I'm completely stumped and baffled trying to create a lagged variable in order to calculate the miles travelled between two observations.
> fuel_sheet %>% dplyr::select(vehicle, date, mileage)
+
# A tibble: 64 x 3
# Groups: vehicle [2]
vehicle date mileage
<fct> <date> <dbl>
1 VW T4 Campervan 2015-09-30 150631
2 VW T4 Campervan 2015-10-16 150866
3 VW T4 Campervan 2015-10-18 151395
4 VW T4 Campervan 2015-12-06 151731
5 VW T4 Campervan 2016-01-22 151968
6 VW T4 Campervan 2016-01-24 152360
7 VW T4 Campervan 2016-01-25 152731
8 VW T4 Campervan 2016-02-21 153066
9 VW T4 Campervan 2016-03-29 153500
10 VW T4 Campervan 2016-04-16 153751
# … with 54 more rows
> fuel_sheet <- fuel_sheet %>%
group_by(vehicle) %>%
mutate(miles_lag = lag(mileage, n=1, order_by=date)) %>%
mutate(miles = mileage - lag(mileage, n=1, order_by=date))

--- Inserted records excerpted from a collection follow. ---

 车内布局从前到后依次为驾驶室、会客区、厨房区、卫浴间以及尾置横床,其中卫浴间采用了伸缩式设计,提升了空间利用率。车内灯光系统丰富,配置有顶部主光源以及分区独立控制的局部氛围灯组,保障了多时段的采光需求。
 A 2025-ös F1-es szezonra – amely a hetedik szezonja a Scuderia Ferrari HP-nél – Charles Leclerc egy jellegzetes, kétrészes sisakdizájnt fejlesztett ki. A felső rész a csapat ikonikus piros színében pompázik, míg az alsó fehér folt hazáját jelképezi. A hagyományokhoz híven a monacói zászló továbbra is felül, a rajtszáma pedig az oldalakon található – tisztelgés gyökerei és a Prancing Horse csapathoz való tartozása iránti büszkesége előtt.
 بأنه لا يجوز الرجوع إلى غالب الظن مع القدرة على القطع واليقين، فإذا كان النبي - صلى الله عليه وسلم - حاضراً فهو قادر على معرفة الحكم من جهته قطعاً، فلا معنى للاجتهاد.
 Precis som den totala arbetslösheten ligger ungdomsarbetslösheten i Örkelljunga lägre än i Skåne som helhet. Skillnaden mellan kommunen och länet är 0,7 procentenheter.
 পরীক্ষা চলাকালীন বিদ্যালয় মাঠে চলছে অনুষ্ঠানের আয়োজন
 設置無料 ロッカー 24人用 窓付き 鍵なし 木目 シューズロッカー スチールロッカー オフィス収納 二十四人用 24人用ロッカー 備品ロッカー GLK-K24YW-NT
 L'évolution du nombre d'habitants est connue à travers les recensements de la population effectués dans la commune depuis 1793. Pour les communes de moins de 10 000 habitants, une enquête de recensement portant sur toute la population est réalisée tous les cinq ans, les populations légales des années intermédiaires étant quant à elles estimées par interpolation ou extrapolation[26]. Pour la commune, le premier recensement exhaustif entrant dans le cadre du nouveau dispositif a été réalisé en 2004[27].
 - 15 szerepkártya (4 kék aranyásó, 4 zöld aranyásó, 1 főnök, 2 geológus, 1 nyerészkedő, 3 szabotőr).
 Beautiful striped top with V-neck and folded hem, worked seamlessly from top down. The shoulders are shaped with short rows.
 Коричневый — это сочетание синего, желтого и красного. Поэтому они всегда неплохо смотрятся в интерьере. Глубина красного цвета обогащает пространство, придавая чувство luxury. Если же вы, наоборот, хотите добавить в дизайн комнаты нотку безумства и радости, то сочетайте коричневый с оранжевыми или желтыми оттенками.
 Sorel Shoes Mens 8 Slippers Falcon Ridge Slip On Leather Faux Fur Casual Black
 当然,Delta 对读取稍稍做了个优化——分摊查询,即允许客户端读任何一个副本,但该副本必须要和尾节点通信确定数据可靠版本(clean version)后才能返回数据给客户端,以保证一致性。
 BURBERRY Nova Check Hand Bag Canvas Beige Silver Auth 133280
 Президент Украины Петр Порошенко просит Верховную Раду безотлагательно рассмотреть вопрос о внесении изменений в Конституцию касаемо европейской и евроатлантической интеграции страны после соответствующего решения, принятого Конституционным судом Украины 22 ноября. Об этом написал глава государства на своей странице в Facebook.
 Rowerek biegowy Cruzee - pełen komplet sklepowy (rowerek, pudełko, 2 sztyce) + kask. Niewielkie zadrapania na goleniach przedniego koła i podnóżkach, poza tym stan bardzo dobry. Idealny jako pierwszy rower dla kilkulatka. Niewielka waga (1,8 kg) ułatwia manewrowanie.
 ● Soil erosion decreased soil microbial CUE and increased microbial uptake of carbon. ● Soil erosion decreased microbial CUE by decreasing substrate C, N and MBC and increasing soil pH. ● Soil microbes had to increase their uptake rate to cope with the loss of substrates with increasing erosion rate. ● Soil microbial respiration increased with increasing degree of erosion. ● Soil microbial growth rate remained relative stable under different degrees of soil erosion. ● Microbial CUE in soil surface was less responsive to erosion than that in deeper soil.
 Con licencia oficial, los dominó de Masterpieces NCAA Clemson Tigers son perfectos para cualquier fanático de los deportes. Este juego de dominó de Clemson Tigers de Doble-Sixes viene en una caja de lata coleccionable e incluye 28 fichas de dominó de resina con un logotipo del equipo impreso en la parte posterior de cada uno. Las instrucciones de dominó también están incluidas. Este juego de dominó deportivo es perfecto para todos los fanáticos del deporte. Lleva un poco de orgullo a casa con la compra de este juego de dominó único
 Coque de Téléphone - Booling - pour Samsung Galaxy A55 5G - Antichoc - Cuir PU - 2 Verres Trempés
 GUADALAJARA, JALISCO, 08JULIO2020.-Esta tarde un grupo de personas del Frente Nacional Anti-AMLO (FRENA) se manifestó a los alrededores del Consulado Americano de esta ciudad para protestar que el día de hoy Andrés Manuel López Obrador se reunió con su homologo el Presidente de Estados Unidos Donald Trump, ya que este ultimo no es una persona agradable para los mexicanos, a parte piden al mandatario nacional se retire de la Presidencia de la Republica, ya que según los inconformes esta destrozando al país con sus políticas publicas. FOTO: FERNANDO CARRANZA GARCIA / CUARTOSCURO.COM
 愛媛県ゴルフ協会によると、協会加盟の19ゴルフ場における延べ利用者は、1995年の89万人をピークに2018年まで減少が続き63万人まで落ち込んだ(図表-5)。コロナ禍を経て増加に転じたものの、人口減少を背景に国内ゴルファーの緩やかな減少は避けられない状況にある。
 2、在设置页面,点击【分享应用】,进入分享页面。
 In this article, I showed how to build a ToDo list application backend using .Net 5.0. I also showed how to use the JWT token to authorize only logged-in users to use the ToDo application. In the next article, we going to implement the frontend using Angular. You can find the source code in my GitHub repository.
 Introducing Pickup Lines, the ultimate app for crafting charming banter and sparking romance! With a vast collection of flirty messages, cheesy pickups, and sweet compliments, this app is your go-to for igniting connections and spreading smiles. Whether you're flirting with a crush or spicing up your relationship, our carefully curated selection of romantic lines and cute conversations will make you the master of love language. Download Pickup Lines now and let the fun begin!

> fuel_sheet %>% dplyr::select(vehicle, date, mileage, miles_lag, miles)
# A tibble: 64 x 5
# Groups: vehicle [2]
vehicle date mileage miles_lag miles
<fct> <date> <dbl> <dbl> <dbl>
1 VW T4 Campervan 2015-09-30 150631 150631 0
2 VW T4 Campervan 2015-10-16 150866 150866 0
3 VW T4 Campervan 2015-10-18 151395 151395 0
4 VW T4 Campervan 2015-12-06 151731 151731 0
5 VW T4 Campervan 2016-01-22 151968 151968 0
6 VW T4 Campervan 2016-01-24 152360 152360 0
7 VW T4 Campervan 2016-01-25 152731 152731 0
8 VW T4 Campervan 2016-02-21 153066 153066 0
9 VW T4 Campervan 2016-03-29 153500 153500 0
10 VW T4 Campervan 2016-04-16 153751 153751 0
# … with 54 more rows
If I try using diff()
in place of lag to directly calculate the difference I get an array that is short by one element.
Found many threads here on SO on this sort of thing, one example is r - diff operation within a group, after a dplyr::group_by() - Stack Overflow, but can not see why my code isn't behaving as expected.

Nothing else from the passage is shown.